A graphic designer once told me how to draw a straight line freehand. He said you make a point where you want the line to end, then go to where you want the line to start and draw toward that point, never looking at where you actually drawing, just keeping your eye on the point in the distance. Well, I tried it, and I can’t say I drew a perfectly straight line. But it was better than my usual efforts without use of a ruler.

I don’t have much call for drawing a freehand straight line, but I applied that idea to something I do, which is write. And it occurred to me that this same technique is used effectively in all kinds of stories and articles: at the beginning, you let a reader glimpse the end; then you go back to the beginning and write toward that ending.

Last week, I saw many healthcare organizations telling their stories to the capital markets at the Non-Profit Heath Care Investor Conference, and those that, in my opinion, told their story with the greatest success used the point-in-the-distance technique.
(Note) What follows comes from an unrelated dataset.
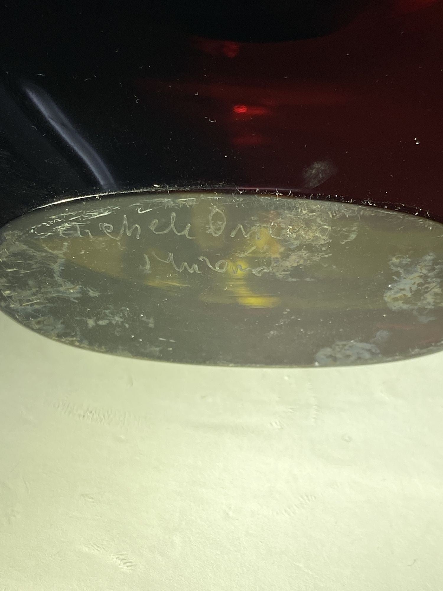 Very attractive Sommerso-style Murano Glass Heart Vase by the furnaces of Oball. Measures 8.5" x 9". Signed.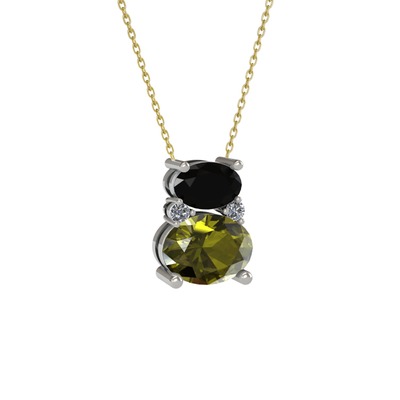 Siyah zirkon, peridot ve pırlanta 8 ayar beyaz altın kolye (0.036 karat, 40 cm altın rolo zincir)

Virtually all the organizations presenting began by stating the vision of the organization, followed by the strategic goals, the key activities, and the financials. The best presentations, however, were the ones that did the best job emphasizing the point in the distance (the mission) and clearly drawing a line toward that point (linking each goal, each activity, and the financial results to the mission). None of the presentations was bad, but that ones that were the least effective tended to articulate a mission that was too generic, to present too many strategic goals and/or not link those goals to the mission, and to not echo the mission or strategic goals again until the very end of the presentation. In short, sometimes the components were strong, but they did not connect clearly, and sometimes the point in the distance was not clear enough.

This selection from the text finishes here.